La derrota de 2017 pesa en la consciencia colectiva y abona a un gran retroceso político, con
importantes sectores de la población alimentando expectativas en la política injerencista y pro
golpista de Guaidó. Una situación diametralmente opuesta a la retratada por la embajada de
EEUU en Venezuela en los cables divulgados por Wikileaks hace una década, cuando los
funcionarios yanquis se quejaban del altísimo rechazo popular a la intromisión de EEUU en la
política venezolana. El responsable de esa derechización es el gobierno venezolano, luego de
largos años aplicando una política ultra reaccionaria con maquillaje “de izquierda” y
aplastando cualquier posibilidad de autoorganización popular y obrera.

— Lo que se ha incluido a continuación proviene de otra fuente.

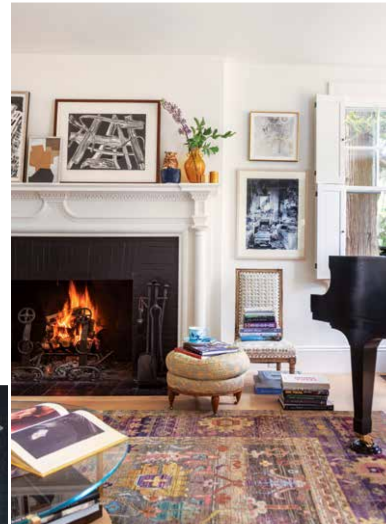
ABOVE: The off-lit living room fireplace, the largest of four throughout the house, takes the chill off during winter months; an art deco French ottoman discovered in Paris sits in front of a Louis XVI chair from Axel Vervoordt, both of which are covered in Fortuny fabrics. LEFT: A nook in the entryway houses an eighteenth-century Italian cabinet from David Neligan Antiques in Essex, Massachusetts, and a floor lamp from Venetia Studium in Venice. FACING PAGE: Epure black burlap wallcovering by Élitis in the foyer and on the three-story stair hall makes for a dramatic entrance.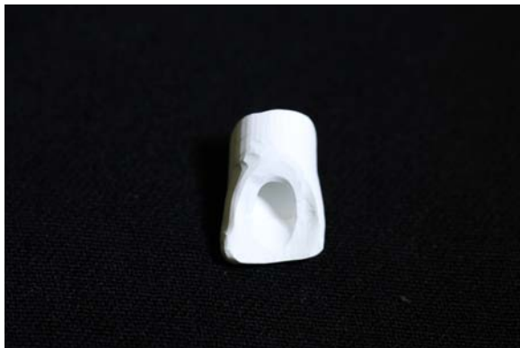
Figure 1. A milled sample of zirconia core with screw access hole before sintering.

out screw access hole, the holes were manually prepared on the palatal surface using a coarse round-end taper diamond bur (ZR Diamond, Komet Besigheim, Germany). To match the dimensions of machinery and manually created screw access holes, a silicone index adapted to the palatal surface was used. Also a digital caliper evaluated the mesiodistal and buccolingual widths of the holes. In case of differences more than 0.1 mm, the zirconia core was excluded from the study. The zirconia cores were divided into three groups: one group without screw access holes for the control and two experimental groups with screw access holes. The zirconia cores were evaluated to ensure uniform thickness of 0.6 \pm 0.02 mm at different areas using a digital micrometer. Furthermore, the zirconia cores were tested by an explorer and a silicone material for their fitness. Also they were evaluated radiographically for marginal adaptation. Finally all the zirconia cores were veneered using a central incisor multi-piece metal index with specific dimensions (11mm in height, 8mm in width) (Figure 2) with a silica-based ceramic veneer (Vintage Shofu-ZR, Kyoto, Japan). The veneer thicknesses were 2 mm for incisal, 1.5mm for midlabial, and 0.5mm for cervical and palatal surfaces. The zirconia-based crown specimens were fabricated as such (Figure 3) and divided into three groups as follows: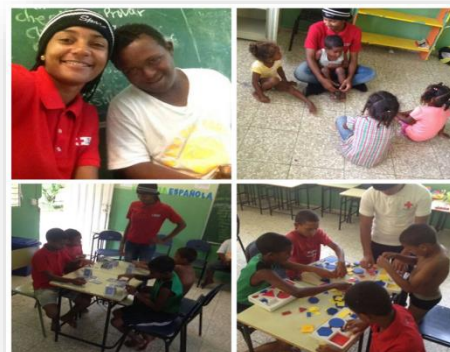
A DRC PSS team works with children from the affected zones in Villa Rivas.

The Dominican Red Cross has maintained permanent communication with the Ministry of Health; during awareness raising and epidemiological control actions, the provincial health coordinators were in permanent contact with the provincial health directorates. Joint actions were carried out in vector control, epidemiological follow-up as well as emergency first aid care, and DRC branches received instructions and coordinated with the provincial offices.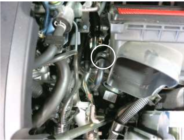
i. Remove the vent line clip on the side of the lower air box.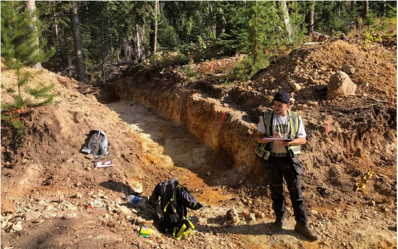
Figures 3: Beyer Zone Trenching

To view an enhanced version of Figures 3, please visit: https://images.newsfilecorp.com/files/3803/146701_92f20d2bd47b98a8_005full.jpg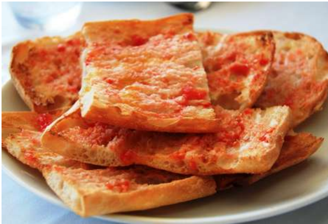
Pa amb tomàquet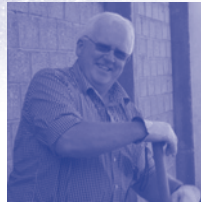
Ministering in the building project

expertise worked on preparing the church parking area for a delivery of cement.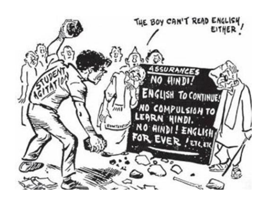
figure 6.1: R.K. Laxman-Anti-Hindi Agitation of Tamil Nadu in 1960s

"The Common Man" character, created by RK Laxman, was well-known for portraying the problems of a common guy in his comic strips. The newspaper "Times of India" featured the majority of his portrayals of everyday people. Along with illustrating the problems that the average person faces, he also sketched portraits of well-known people. If you've read "The Malgudi Days" by RK Narayanan, you've probably noticed the illustration by RK Laxman on the front page. Tamil Nadu was shaken by anti-Hindi agitations in the 1960s, which led to the police shooting and killing a number of unarmed residents. The DMK, a significant political force in Tamil Nadu, is alleged to have benefited from these violent agitations in order to gain power.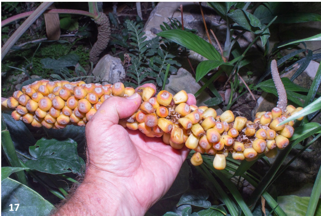
16–17. Infructescences of Anthurium roseonervium Croat & Hodel heavily laden with packed, contiguous fruits. Type plant, Hodel & Hodel 4004 .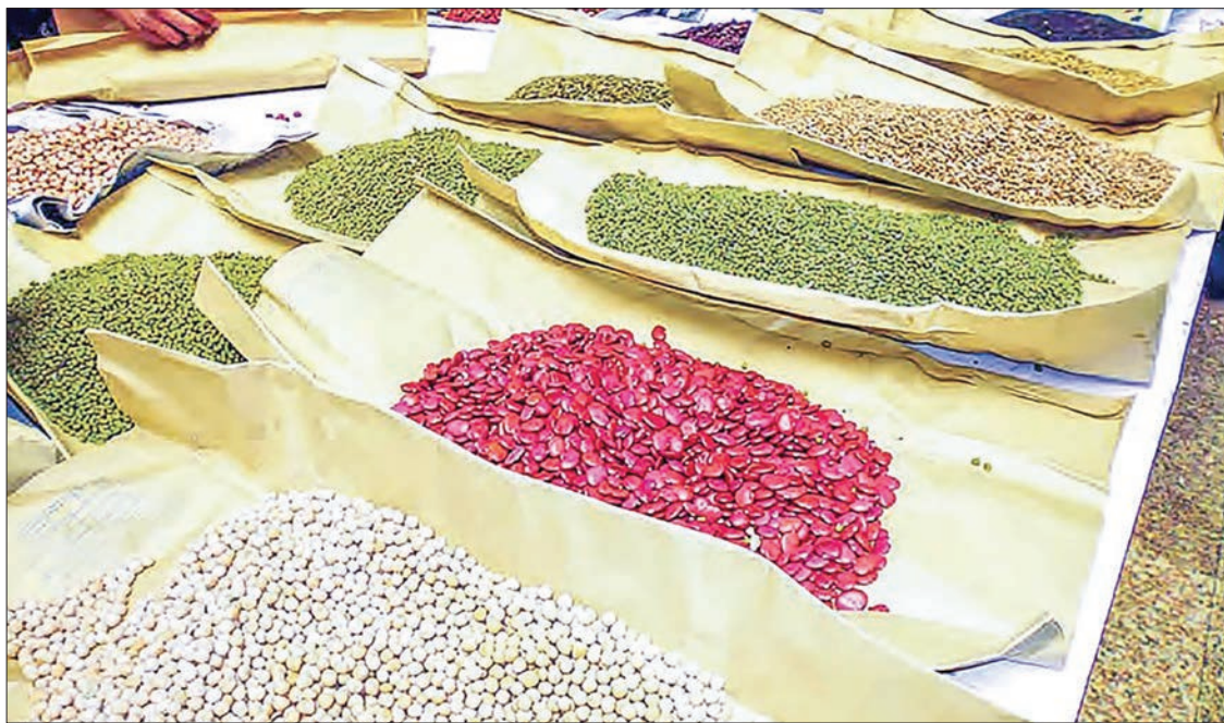
Earlier, the import policy of free imports of three Myanmar pulses was to expire on 31 January 2022. But now, it has been extended to 31 March 2022.

mung bean is about K1,285,000 per tonne, according to the Yangon Region Chambers of Commerce and Industry (Bayintnaung Commodity Exchange).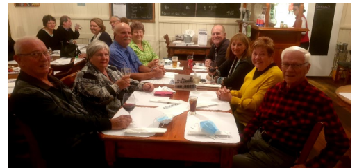
Friday night at the Pomona Hotel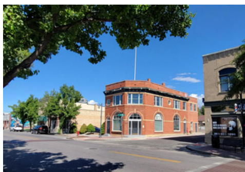
Historic Downtown Midvale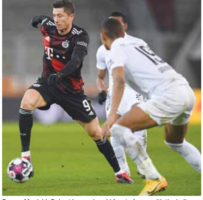
Bayern Munich's Robert Lewandowski (centre) runs with the ball during the Bundesliga match against Augsburg on Wednesday.

It was a different story after the break as Augsburg wasted a string of chances, including Finnbogason's miss after Benjamin Pavard handled in the area. The clean sheet in Augsburg saw Bayern goalkeeper Neuer equal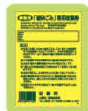
Shredded Waste Collection Seal

Depth (m) + Width (m) + Height (m) = 2 m or less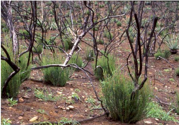
Re-sprouting chamise shrubs

If given enough time, however, chaparral plants can respond to fire in special ways. Some shrubs send up tiny green shoots from their root burls a few days after the fire is out. Within a month or two these re-sprouting shrubs decorate the burned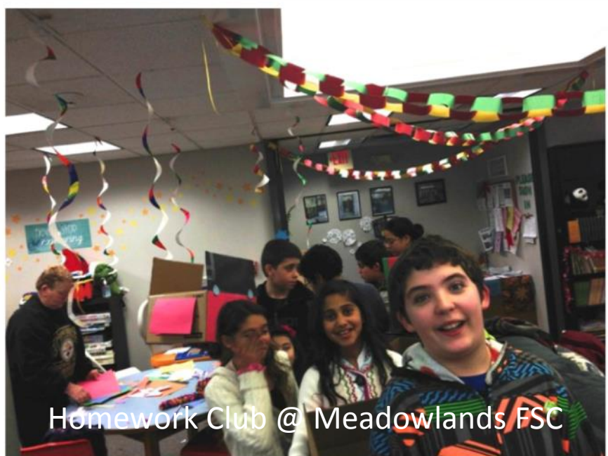
Homework Club @ Meadowlands FSC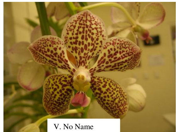
V. No Name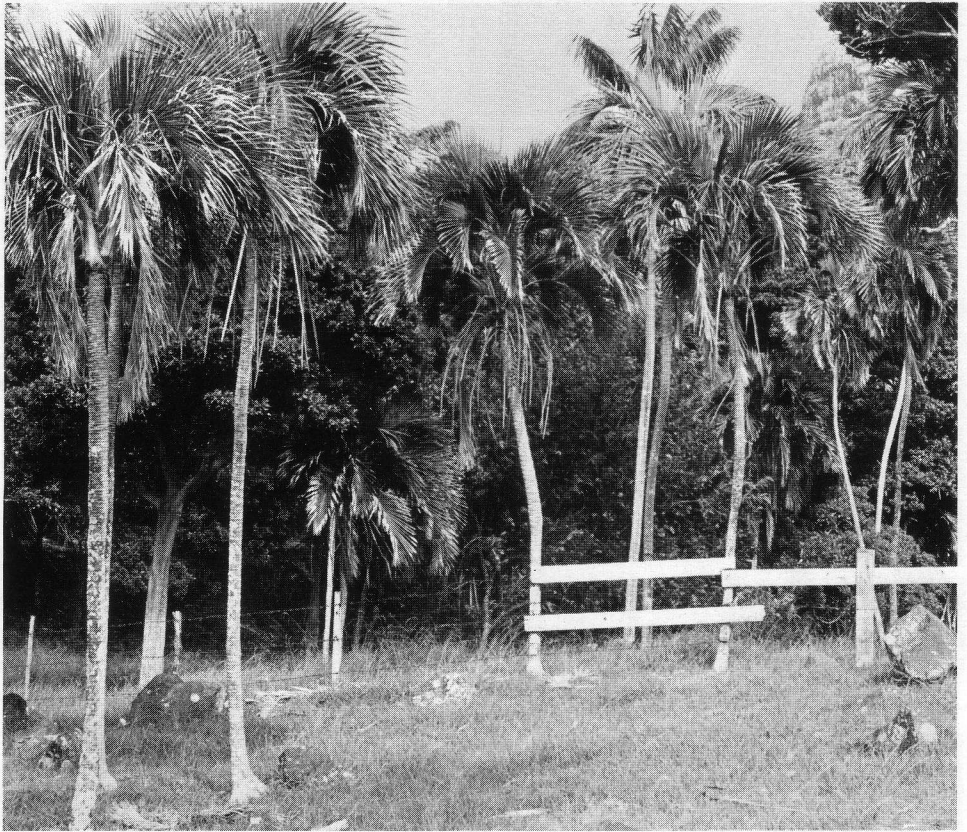
3, 4. Howeia Belmoreana (above) and H. Forsteriana (below and background above) at end of road near base of Mt. Lidgbird.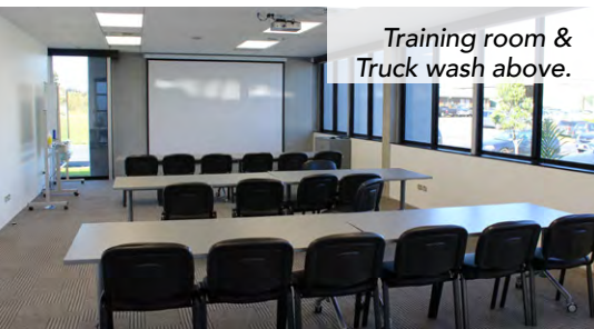
Training room & Truck wash above.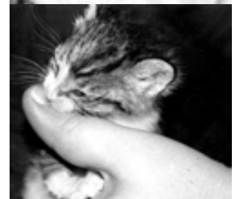
Sugar Bear sleeps & plays with one of his special volunteers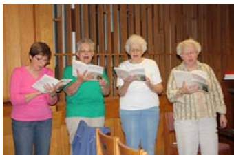
Three Altos & a Soprano

The Adult Choir starts its weekly rehearsals Thursday, September 8, at 7:30 p.m. in the Choir Loft. Sopranos, altos, tenors and basses are most welcome to join. No audition required.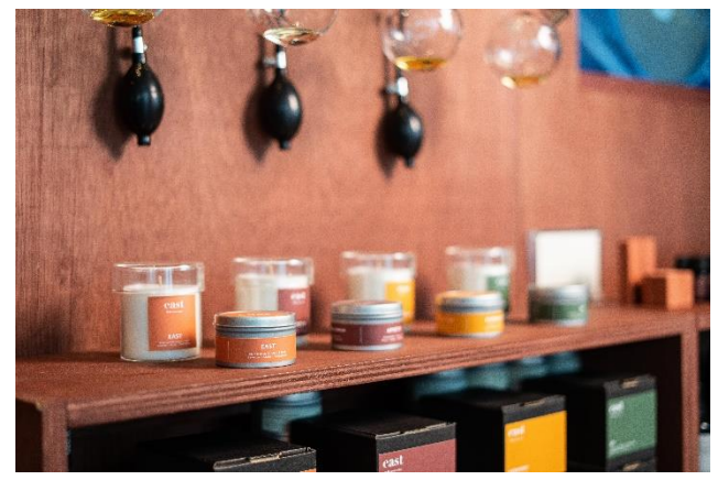
EAST's signature scents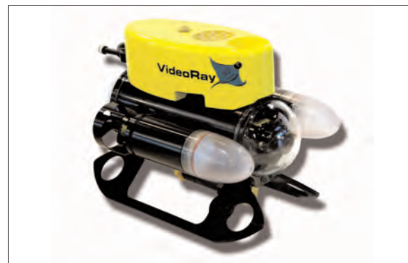
152m (500 ft) Depth Rated Pro 3 E

Two year limited warranty covering manufacturing and component defects. Upon or after warranty expiration this warranty can be renewed annually.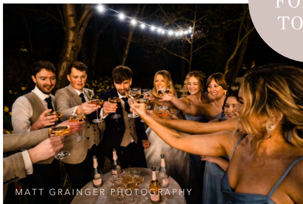
MATT GRAINGER PHOTOGRAPHY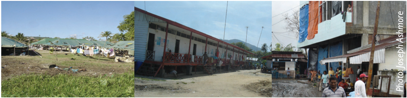
In the first weeks after the tsunami, people found shelter in large collective tents (left), squatted buildings (right), tents, rented housing or with friends and family. The government built transitional living centres (centre).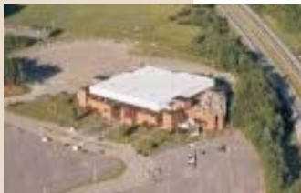
Augusta Civic Center

Our skilled team of engineering sales managers can assist you in selecting the best structural design elements to fit your individual needs. Using the latest in computer aided estimating systems we can provide you with fast, accurate cost estimates that will determine project costs up front which will save you time and dollars. If you already have estimates on a structural system we are able to offer a Sheridan-Butler value engineered alternative which in most cases will result in significant savings.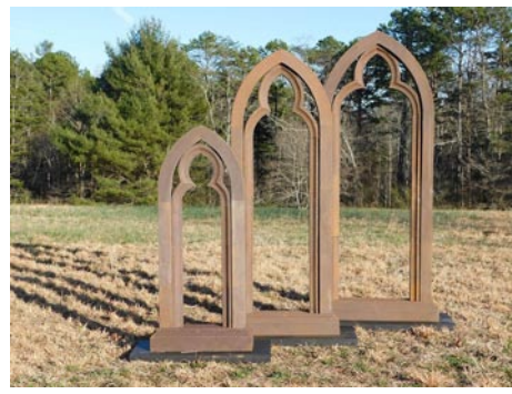
Sculpture by Beau Lyday

Visual art offerings unique to this year's festival include Honduras: Nuestro Arte, Nuestra Vida , an international group exhibition featuring painters from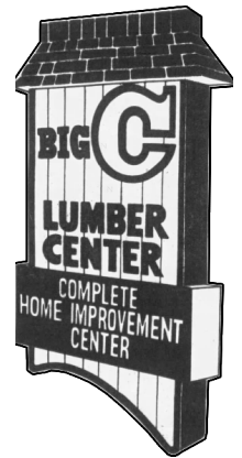
Logo from 1979-1987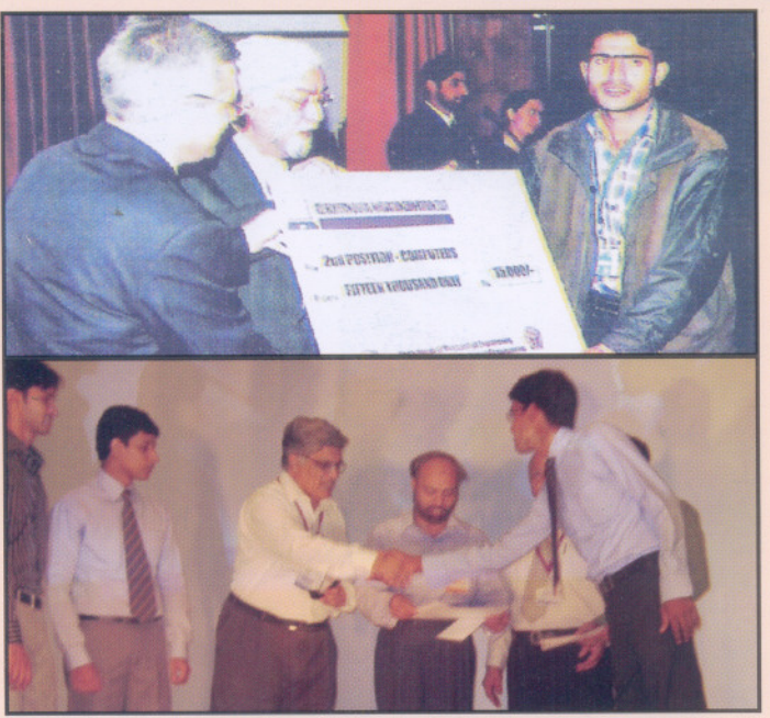
Students from Mechanical Engineering Department, MUET, Jamshoro receiving awards in 2007 and 2008 DICEs.

To expedite the process of Digital Revolution in Pakistan by motivating both academia and industry to acquire, promote and utilize state-of-art digital technologies/high-tech software for the rapid development of innovative products.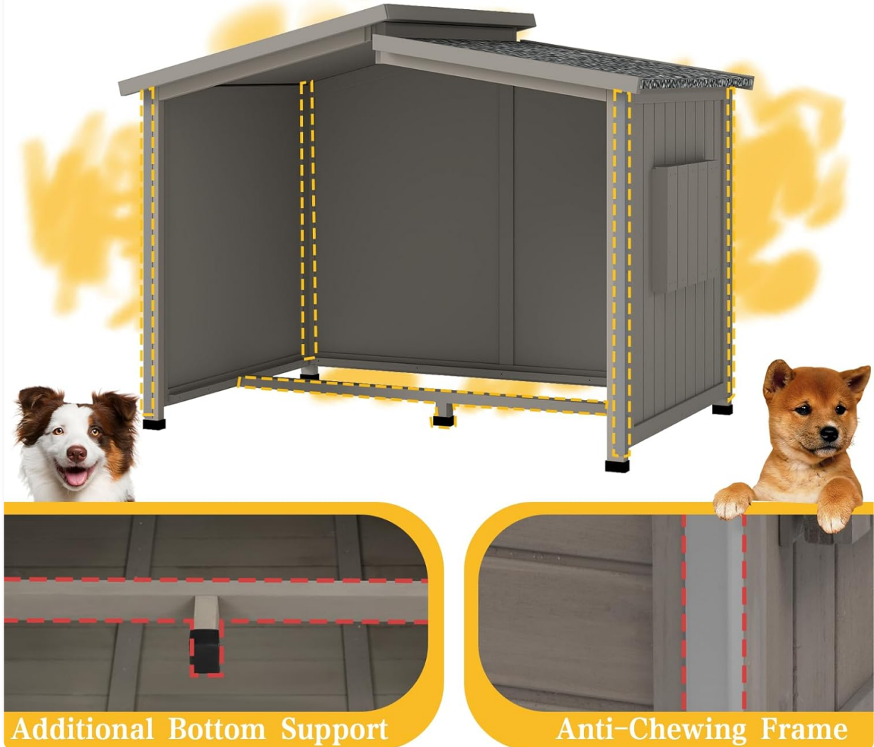
Image: Additional Bottom Support. This image shows the additional bottom support structure, which enhances stability and increases the weight capacity of the dog house.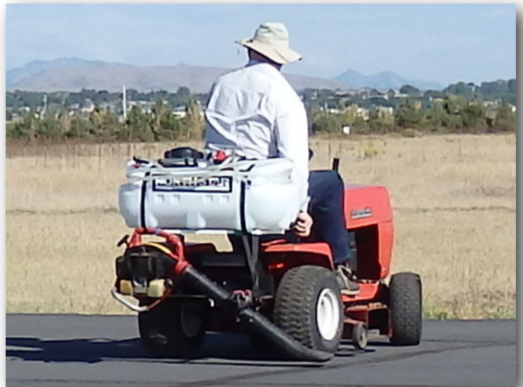
The blower is mounted at the perfect height.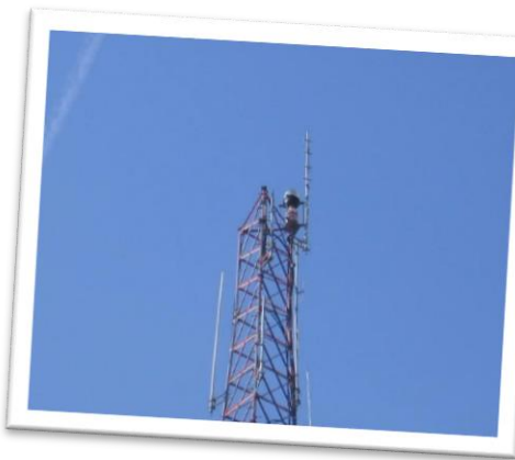
Old W8USA repeater tower located just North of the Grand Rapids Downtown. Move is expected in Mid January

As far as we know at this time, this will be the only C4FM/FM repeater in the greater Grand Rapids area. We are looking to have this repeater online in its new location in the latter half of January.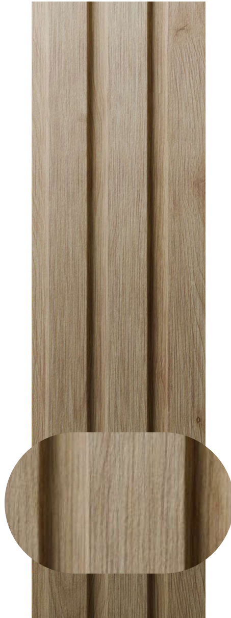
1300 112 Oak

Por una parte, está el legítimo repudio de entre un 85% y un 90% de la población al gobierno
de Maduro, incluyendo la enorme mayoría de los trabajadores y los sectores populares que
alguna vez fueron base social del chavismo, y para quienes la lucha contra el gobierno burgués
hambreador es una lucha por la supervivencia. Al mismo tiempo, existe la disputa por el poder
entre el régimen cívico-militar y una dirección política dirigida directamente por EEUU, en la
cual, muy secundariamente, se expresa también un conflicto con China y Rusia, aliados del
chavismo. China es acreedor de alrededor de un tercio de la deuda externa venezolana y tiene
inversiones petroleras, Rusia es proveedor de equipos militares y también socio petrolero. Al
momento de las sanciones de enero ambos estaban muy por detrás de EEUU como socios
comerciales de Venezuela. Sin muchas expectativas en la capacidad del régimen cívico-militar
para recomponerse, han retrocedido ante las sanciones petroleras yanquis, como demuestran
los anuncios de congelamiento de negocios de la empresa rusa Lukoil, mientras que China no
ha respondido a las solicitudes de financiamiento en la medida esperada por Maduro. No
elevan la apuesta más allá del terreno diplomático, cuyo máximo ejemplo es el veto del 28 de
febrero a una resolución yanqui en la ONU. Para Rusia, objeto de sanciones yanquis por su
anexión de Crimea y su agresión contra Ucrania, e involucrada en una invasión genocida en
Siria, Venezuela representa una ficha de negociación importante.